What Amsterdam and Seoul Are Doing Differently
The contrast with Amsterdam is instructive. The Stadsarchief Amsterdam completed a comparable deduplication exercise across its 750,000-image online collection in 2023, using a combination of perceptual hashing and metadata reconciliation. The Dutch city built the protocol directly into its upload pipeline, meaning new files are screened before publication rather than audited after the fact. Seoul's Metropolitan Library applied a similar prevention-first model when it relaunched its digital portal in early 2025, integrating duplicate detection at the point of institutional submission from each of the city's 25 autonomous gu districts. Neither city has eliminated the problem entirely, but both have reduced post-publication duplication rates to below two percent of total holdings, according to publicly available annual reports from each institution.
Paris is not starting from scratch.

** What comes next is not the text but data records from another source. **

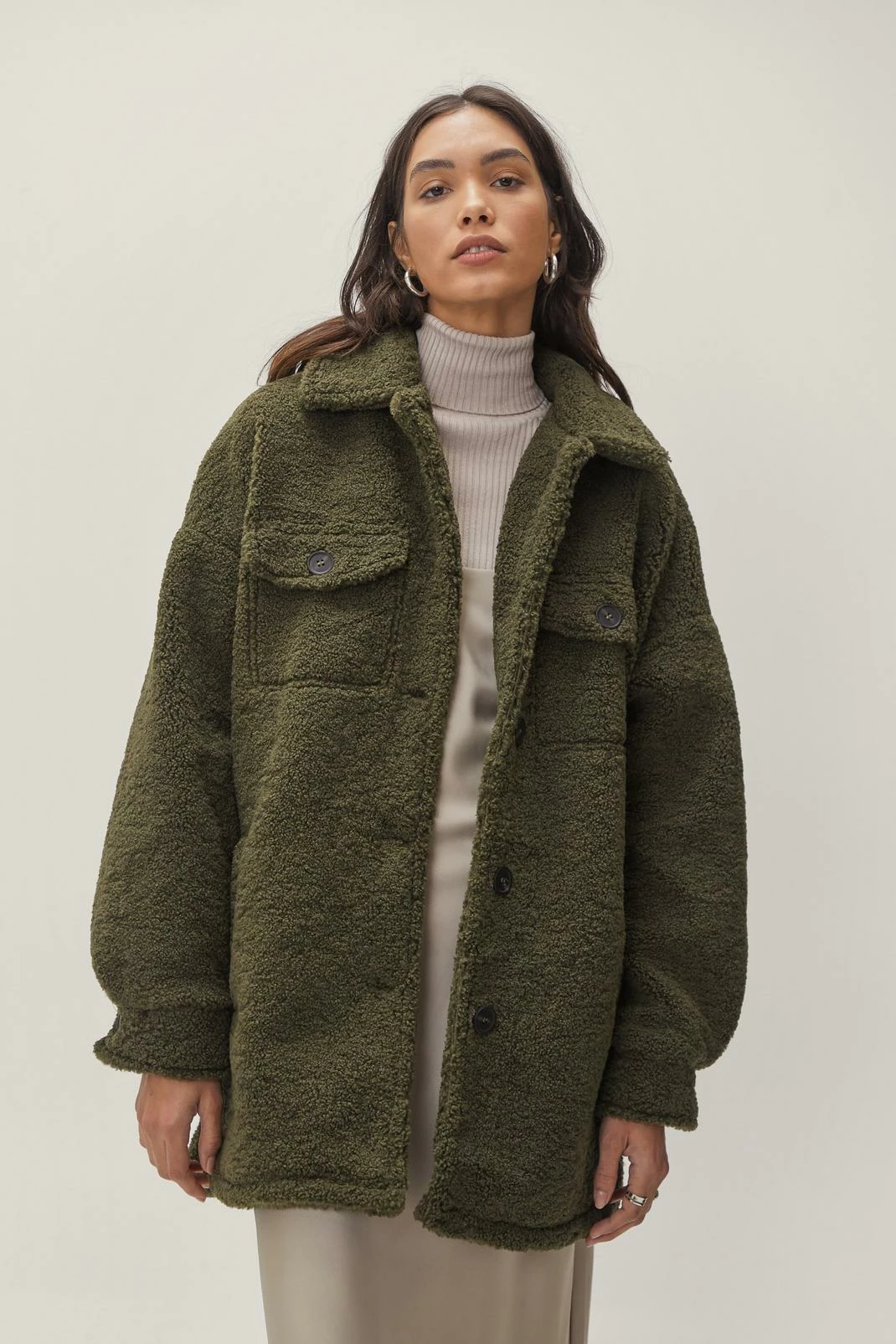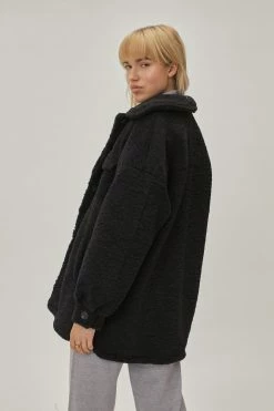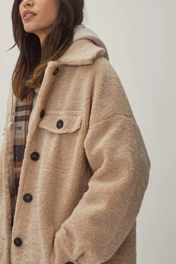 Faux fur season. This jacket comes in faux fur and features a pointed collar, relaxed, longline silhouette, drop, long sleeves, cuffs with button closures, flap pockets at front, and pockets at sides. Style yours over a knitted midi dress and style with chunky wellie boots.
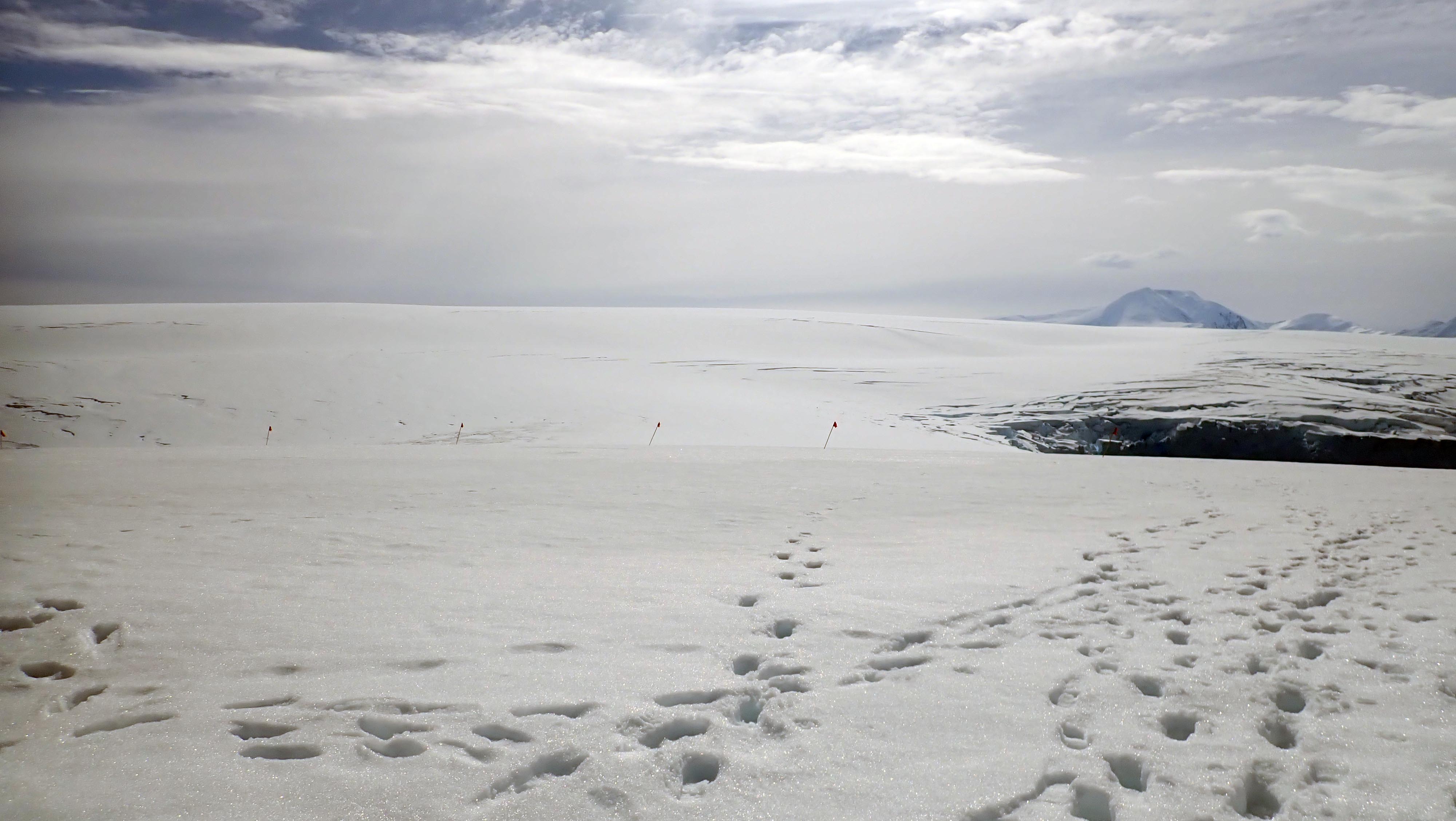 Continuing up the glacier, the slope flattens once the wide plateau of this polar piedmont is reached. Beneath my feet and before my eyes is the expanse of the Marr Glacier. The many deep boot prints in the snow proof that I was not the first to visit the plateau. The flags mark the end of the safe, crevasse-free zone. Far beyond that flagline is Mount Francais, at 9500 ft elevation it is the highest peak on Anvers Island.
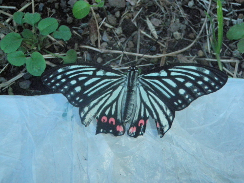 自転車置き場の歩道側に冬蝶がいた。おや、まあ、こんな処に!此処では踏まれると思い落ちていたビニール袋に載せて生垣の中のへ運んだ。すると冬蝶はありがとうと言ったかどうか解らないが羽を開いた。小さな卵から蛹になり冬蝶になるまで危険だらけなのによくぞ羽化したものだとエールを送った。しかし、よく観ると羽が傷んでいるようにも見える。 冬蝶の翅をひろげし眩しさよ クリックしてね ↓ 人気ブログランキングへ 俳句・冬・動物、冬蝶・冬の蝶
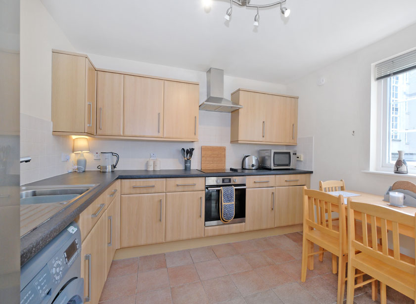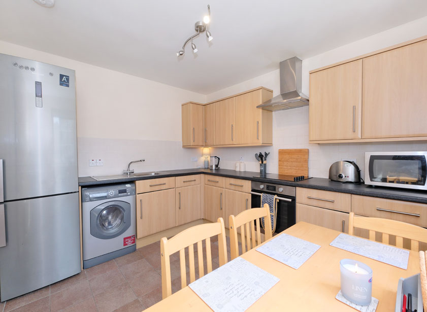 The lounge allows access to the well proportioned and bright dining kitchen, which also overlooks the central courtyard. Fitted with a good range of beech base and wall units with contrasting splash back tiling, the L-shaped laminate roll top work surface incorporates a stainless steel sink with drainer and a four ring induction hob with stainless steel extractor canopy above. Appliances include an integrated oven/grill, under counter washing machine/tumble dryer and a freestanding fridge freezer.
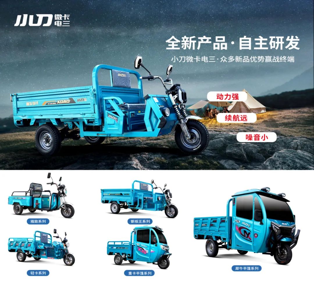 在消费升级时代,要想赢得市场和消费者青睐,坚守匠心做好产品,是亘古不变的真理。作为电三行业的款型王者,小刀微卡始终把“坚持创新做好产品”作为市场竞争的致胜法宝。为打造更高标准、更强品质的国民好三轮,小刀微卡不仅行业独家投入1200万增添智能化、高端化生产设备,更推出了一系列强势新品,包括三开、平板、篷车、休三等市场核心品类,进一步构筑市场差异化壁垒,并以领先的核心技术与产品优势逐渐强化市场主导权。其一、品类制霸,技术领先
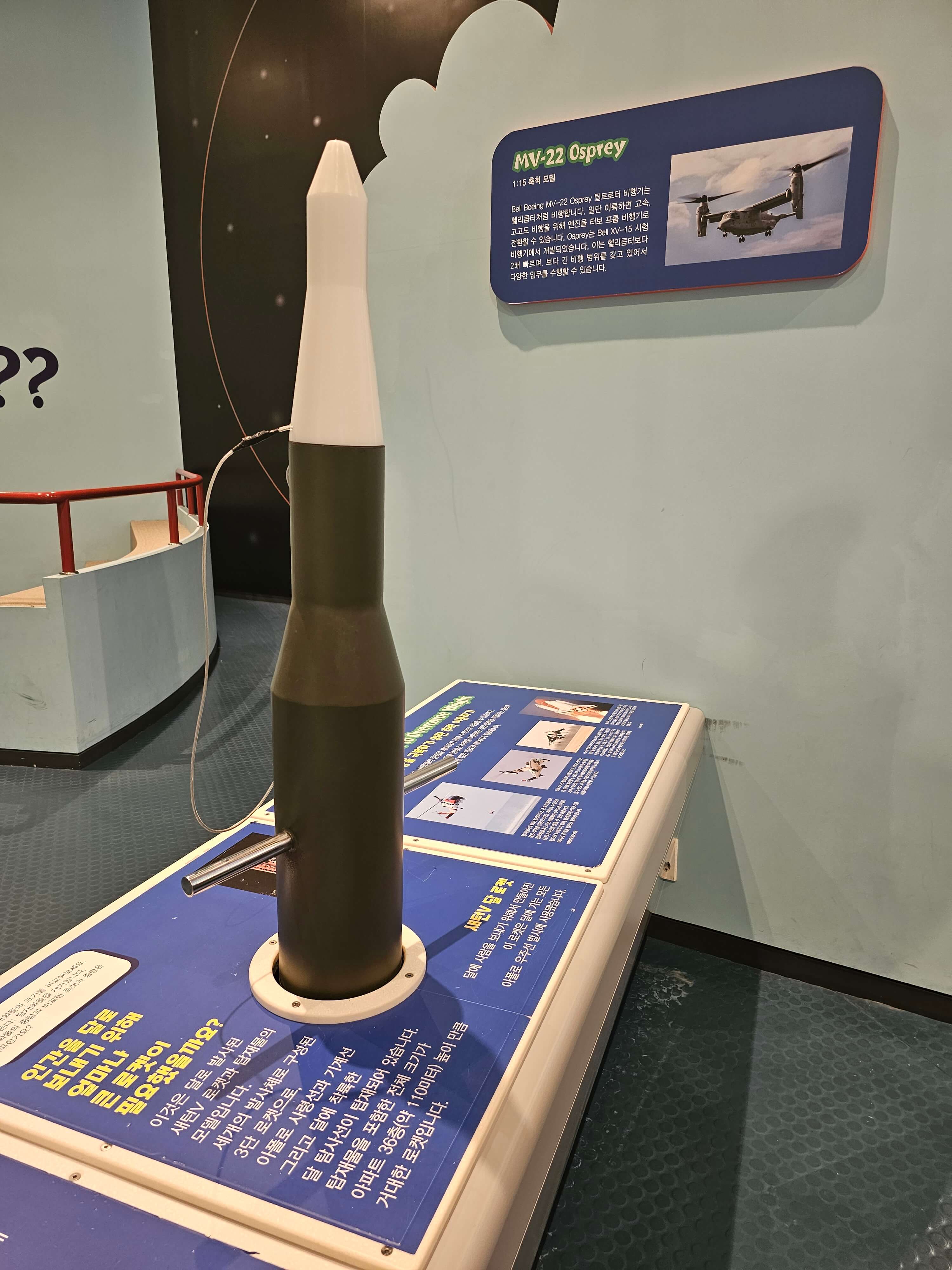 로켓의 축소 모형들이 전시되어 있고, 다양한 인공위성들도 만나볼 수 있으며 나로호의 실물 크기를 느껴볼 수 있습니다. 국제우주정거장에서 행해지는 다양한 우주 실험과 우주인들의 생활 (의, 식, 주) 알 수 있는 기회가 되었습니다. 우주복도 입어보고, 사진을 남길 수 있습니다.

The city's open-data team has implemented basic metadata deduplication on datasets other than images for several years, and the Direction des Systèmes et Technologies de l'Information manages centralised storage that, in theory, should make redundancy easier to catch. The gap is in image-specific tooling and, crucially, in the absence of a single mandatory submission gateway. Individual arrondissement administrations, cultural institutions, and project teams like those working on the Rénovation urbaine du secteur Porte de Montreuil can currently upload image assets to multiple platforms without automated cross-checking.
What Comes Next for Researchers and the Public
The Direction des Affaires Culturelles has indicated — through published budget documentation for the 2026 municipal year — that €1.2 million has been allocated to extend the Charenton-le-Pont pilot into a city-wide deduplication layer by the end of the first quarter of 2027. If that timeline holds, Paris would have a functioning system before the next major wave of Grand Paris Express archival material arrives from the Ligne 15 Est construction corridor.
For now, researchers using the Bibliothèque historique de la Ville de Paris or the Paris Data portal should treat image search results with some scepticism: the same photograph of, say, a demolished building on Boulevard de Belleville may appear under three different identifiers with three different provenance notes. Cross-referencing with the physical catalogue at the reading room on Rue de Rivoli remains the most reliable verification method. The city's clean-up is real and funded, but the finish line is still eighteen months away.